### PROBLEM
Make an exact transcript of the lines in the data below, starting with the one containing "Traceroute (2) Traceroute" and going on through the one containing "Vanaf €110 per", with both included and the pictures left out.

### EXCERPTED DATA
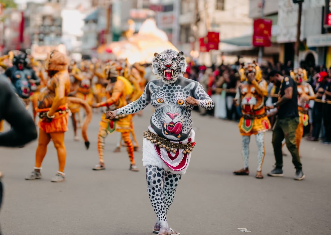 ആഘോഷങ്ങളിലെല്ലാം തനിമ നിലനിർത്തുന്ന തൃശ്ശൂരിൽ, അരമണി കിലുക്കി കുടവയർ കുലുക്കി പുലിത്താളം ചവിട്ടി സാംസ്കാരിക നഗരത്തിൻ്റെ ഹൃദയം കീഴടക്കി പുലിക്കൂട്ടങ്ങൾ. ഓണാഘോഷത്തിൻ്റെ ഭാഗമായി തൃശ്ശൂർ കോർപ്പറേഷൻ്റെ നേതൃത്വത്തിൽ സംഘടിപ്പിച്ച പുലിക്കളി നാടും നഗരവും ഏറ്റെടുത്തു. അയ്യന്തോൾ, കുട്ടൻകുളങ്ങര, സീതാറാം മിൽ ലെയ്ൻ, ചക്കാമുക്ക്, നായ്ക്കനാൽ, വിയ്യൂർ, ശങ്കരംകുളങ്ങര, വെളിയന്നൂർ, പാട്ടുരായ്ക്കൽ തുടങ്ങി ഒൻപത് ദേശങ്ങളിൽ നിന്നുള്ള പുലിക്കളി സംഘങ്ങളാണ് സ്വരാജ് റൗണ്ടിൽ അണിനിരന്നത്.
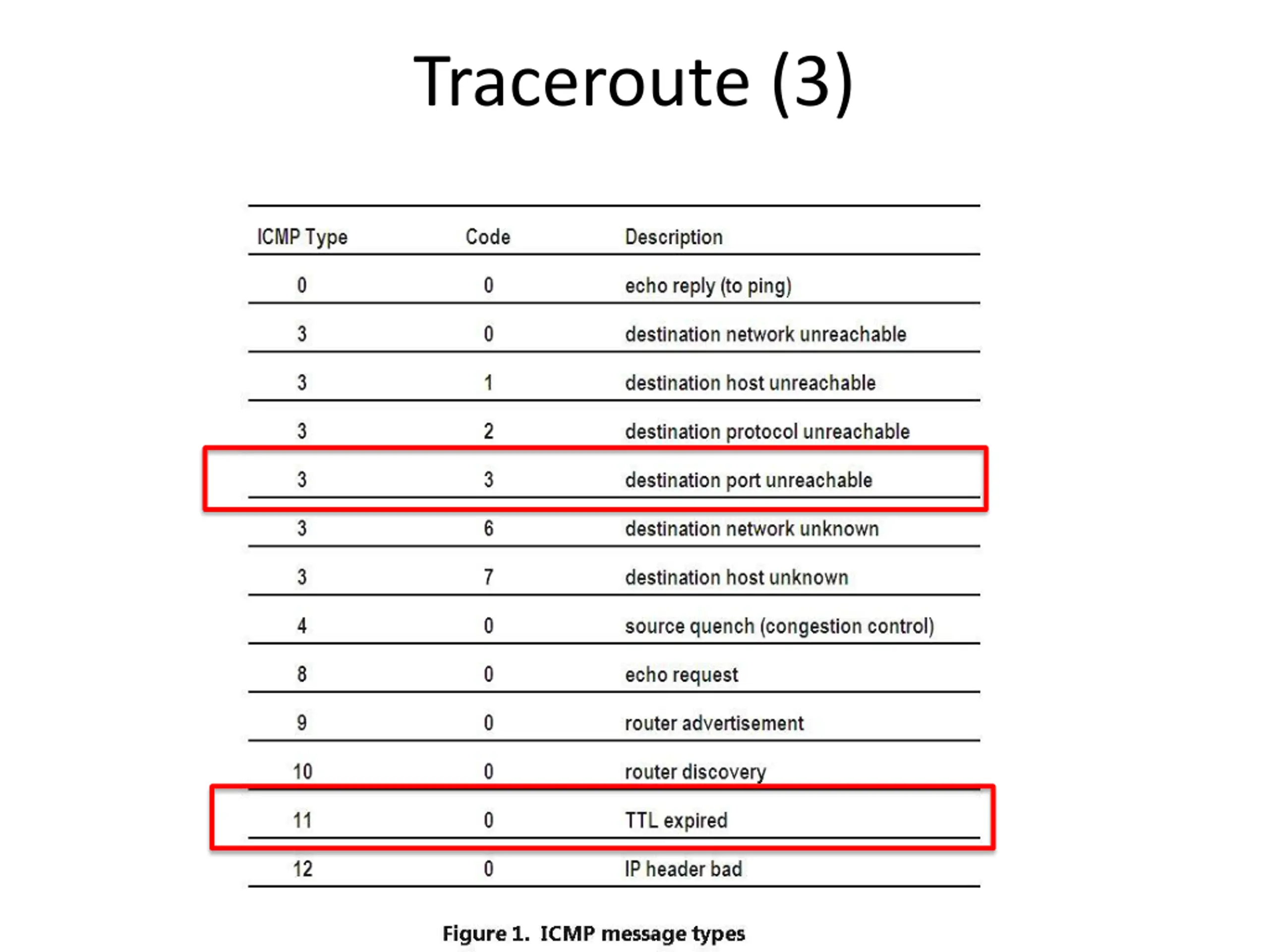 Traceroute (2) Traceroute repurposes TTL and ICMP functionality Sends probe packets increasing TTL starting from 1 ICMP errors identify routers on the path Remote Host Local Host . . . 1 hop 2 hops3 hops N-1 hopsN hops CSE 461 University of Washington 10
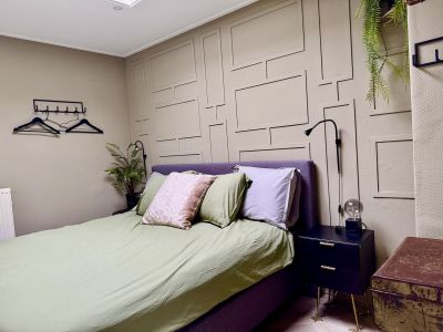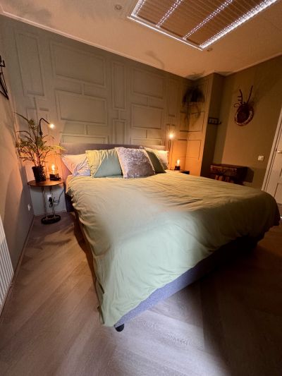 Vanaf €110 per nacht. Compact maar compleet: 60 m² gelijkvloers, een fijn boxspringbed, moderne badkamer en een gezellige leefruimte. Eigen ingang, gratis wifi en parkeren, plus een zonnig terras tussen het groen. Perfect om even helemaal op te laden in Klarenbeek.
...
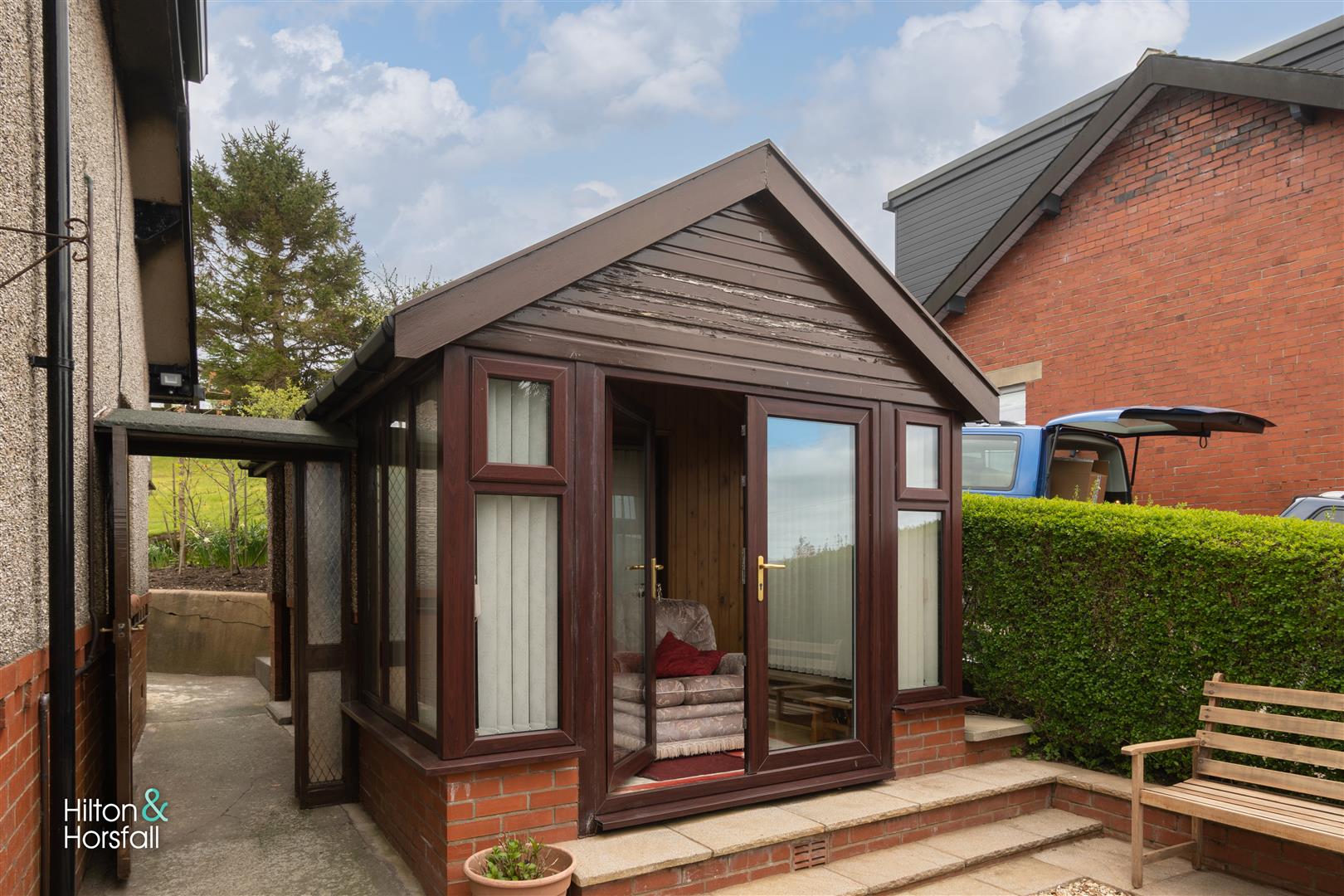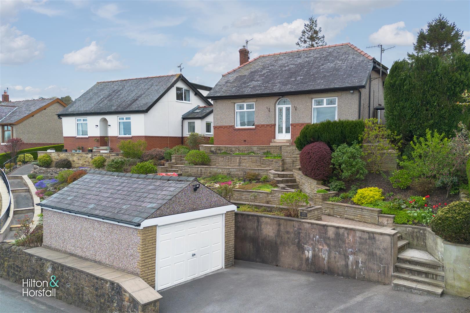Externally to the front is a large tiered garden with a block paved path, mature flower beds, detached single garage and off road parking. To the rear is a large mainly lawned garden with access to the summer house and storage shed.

### SOLUTION TO THE EXERCISE
 Traceroute (2) Traceroute repurposes TTL and ICMP functionality Sends probe packets increasing TTL starting from 1 ICMP errors identify routers on the path Remote Host Local Host . . . 1 hop 2 hops3 hops N-1 hopsN hops CSE 461 University of Washington 10
 Vanaf €110 per nacht. Compact maar compleet: 60 m² gelijkvloers, een fijn boxspringbed, moderne badkamer en een gezellige leefruimte. Eigen ingang, gratis wifi en parkeren, plus een zonnig terras tussen het groen. Perfect om even helemaal op te laden in Klarenbeek.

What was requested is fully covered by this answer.